Bridging Ancient Wisdom with Modern Medicine
As both a Western-trained physician and community healer, Lim occupies a unique position at the intersection of these different approaches to health. She recognizes both the strengths and limitations of conventional medicine.
“There are amazing strengths to the Western medicine model, especially for acute trauma and infection,” Lim acknowledges. “However, we live in a world where people are getting older, and the quality of life is really affected by chronic disease, mental health, and the rise of other immune issues that don’t have a clear one-size-fits-all solution that Western medicine simply does not have the answers for.”

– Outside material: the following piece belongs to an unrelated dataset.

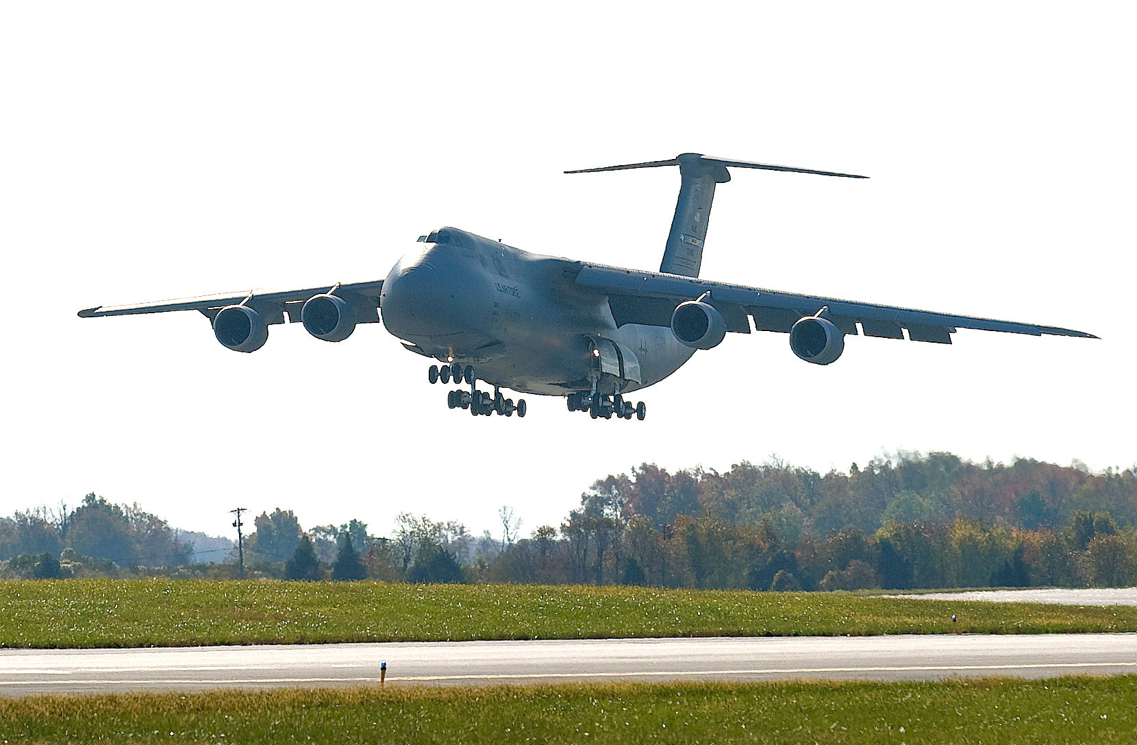 The Spirit of Old Glory, the fourth C-5M Super Galaxy delivered to the 436th Airlift Wing, arrives at Dover Air Force Base, Del., Nov. 6, 2010. This C-5M was the first production C-5M delivered to the Air Force, following the three already delivered to the 436th Airlift for Operational Testing and Evaluation. (U.S. Air Force photo/Jason Minto Released)

This recognition forms the foundation of Freedom Community Clinic’s integrative approach—one that honors ancestral healing traditions that “have been present for thousands of years before Western medicine, that have such an amazing, low risk, low cost, less invasive way of addressing mental, emotional and spiritual diseases.”
Lim sees her role as a translator between these worlds: “As a Western medicine doctor, I do know how Western medicine thinks. I know their different languages, the different frameworks, the ways they want specific research to be presented. And I see it as my responsibility and privilege to be able to help bridge these two worlds.”

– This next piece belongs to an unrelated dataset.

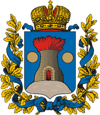 Kielce gubernia (Russian empire), coat of arms

From Grassroots to Growth: The Echoing Green Impact
A critical turning point in Freedom Community Clinic’s journey came with Lim’s selection as an Echoing Green Fellow. This prestigious fellowship provided not only financial resources but also professional networks and structural support at a crucial moment.
“Echoing Green came to me when I was a 24-year-old medical student, just so passionate about this mission. And I would organize these clinics out of my car trunk and our friend’s garage,” Lim recalls. “Echoing Green has really opened that door not only financially, but the networks and the support system.”

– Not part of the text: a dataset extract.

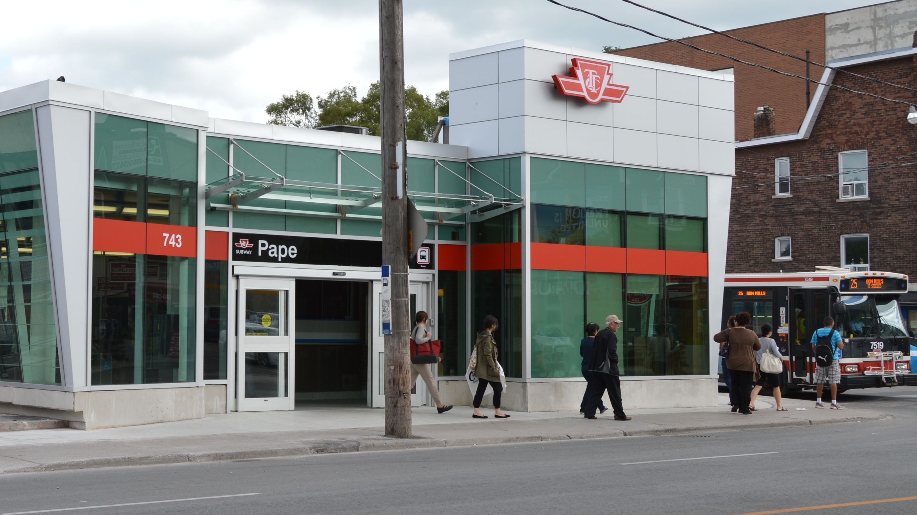 The renovations at Pape subway station in Toronto are almost done

With this support, Freedom Community Clinic has evolved from a passion project funded through Venmo and Cash App donations to what Lim proudly describes as “one of the nation’s first community-based holistic and integrative health systems.”
Looking to the Future
Having established a successful model in the Bay Area, Freedom Community Clinic is now focused on sharing its approach more broadly. This September, the organization will host its “Healing to the People National Summit Convening,” bringing together professionals from medicine, academia, public health, farming, arts, and mutual aid collectives to discuss building community healing coalitions.
“Moving forward, our biggest thing is how are we able to share the lessons that we’ve learned and help others in different regions scale our model in ways that are appropriate to the local context,” Lim explains.
The clinic is also increasing its publishing and research efforts, sharing its model through UNESCO, the American Public Health Association, and other professional networks.
Through it all, Lim remains connected to the core mission that inspired her journey: bringing healing back to communities that have historically been marginalized by conventional healthcare systems. Freedom Community Clinic stands as powerful evidence that accessible, culturally-relevant, community-driven healthcare isn’t just an aspirational concept—it’s a viable, scalable model that is already improving thousands of lives.